President Mohammed Mursi

Take a deep breath. That’s good. The right wing reaction to this story has been hyperventilating hysteria.

For the first time in decades, an Egyptian President is going to meet with an Iranian President. By the end of the month, President Mohammed Mursi will be traveling to Tehran for face-to-face meetings with President Mahmoud Ahmadinejad. The right wing is viewing this summit as proof that Mursi is going to turn Egypt into a Sharia-based repressed state like Iran, taking from Egyptians all the secular rights they had under Hosni Mubarak and driving out everyone who is not an Islamist. Our right wing insists that the peace treaty between Israel and Egypt signed in 1979 is in jeopardy as is the Oslo Accord of 1992, which resulted in the assassinations of the men who signed it, Egyptian President Anwar Sadat and Israeli Prime Minister Yitzhak Rabin.
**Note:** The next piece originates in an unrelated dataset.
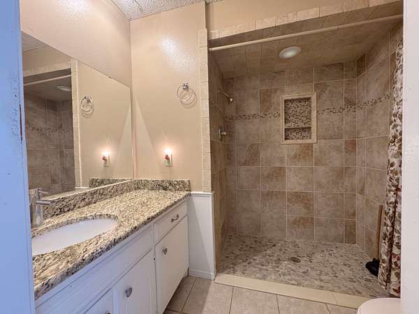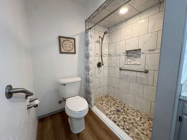 Inside, you’ll find essential updates where they matter most: granite tile countertops in the kitchen and modernized easy-entry walk-in showers in both the hall and master baths. The living area features a natural stone hearth.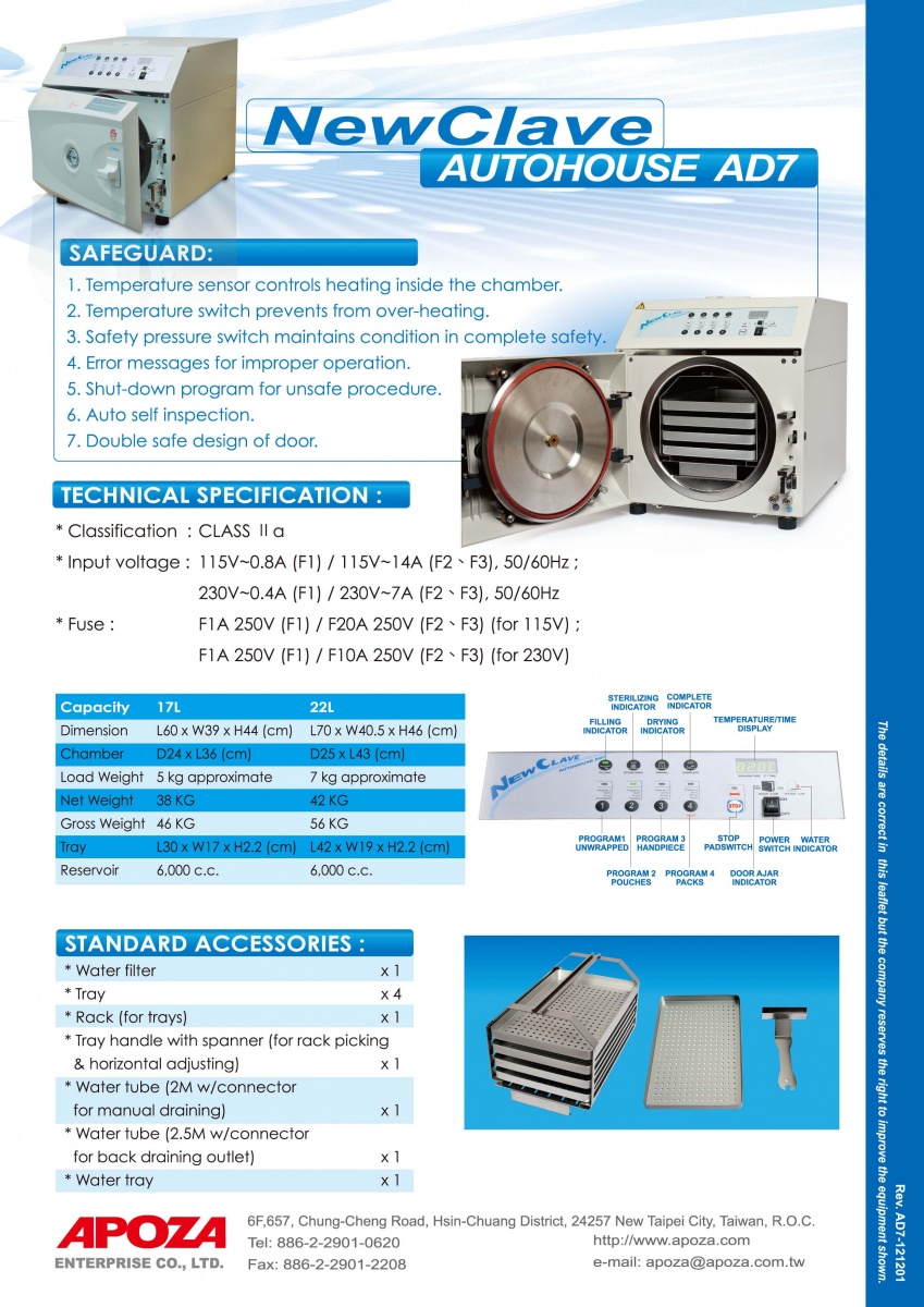 Operating Pressure : 15 PSI / 121°C 30 PSI / l 34°C |

But that ignores the actions Mursi took last week following the confrontation between Hamas terrorists and Egyptian troops on the border with Gaza. Hamas members have been setting up camps in the Sinai to attack Israel. A group of them killed 16 Egyptian soldiers and then tried to loop through the Sinai into Israel. They were stopped by the Israelis. Mursi’s response was to bring in bulldozers to collapse the tunnels used to smuggle goods into Gaza from Egypt and start hunting down the Hamas camps in the Sinai. Hardly the actions of a man who supports terrorism against Israel.

The Muslim Brotherhood is Sunni, not Shia like Iran. The extent to which the Brotherhood will interpret their ideology of creating an Islamic state is yet to be seen. That will only be known as the negotiations proceed for an Egyptian Constitution. Should the Brotherhood follow the precepts of the 11th Century Caliphate, they will create a constitution that protects non-Muslims while imposing special taxes on them. Egypt has an educated population and a history of female equality that cannot be easily repressed.

A freely elected Muslim leader of a mostly Muslim country is something Iran has never had to deal with before. Mursi is the one person in the region that Ahmadinejad cannot accuse of being a pawn of the West. He must be dealt with as an equal. This will probably be a “getting to know you” meeting with no real advances in policy or new alliances being forged. It is, however, a first step to breaking the isolation of Iran from the rest of the region.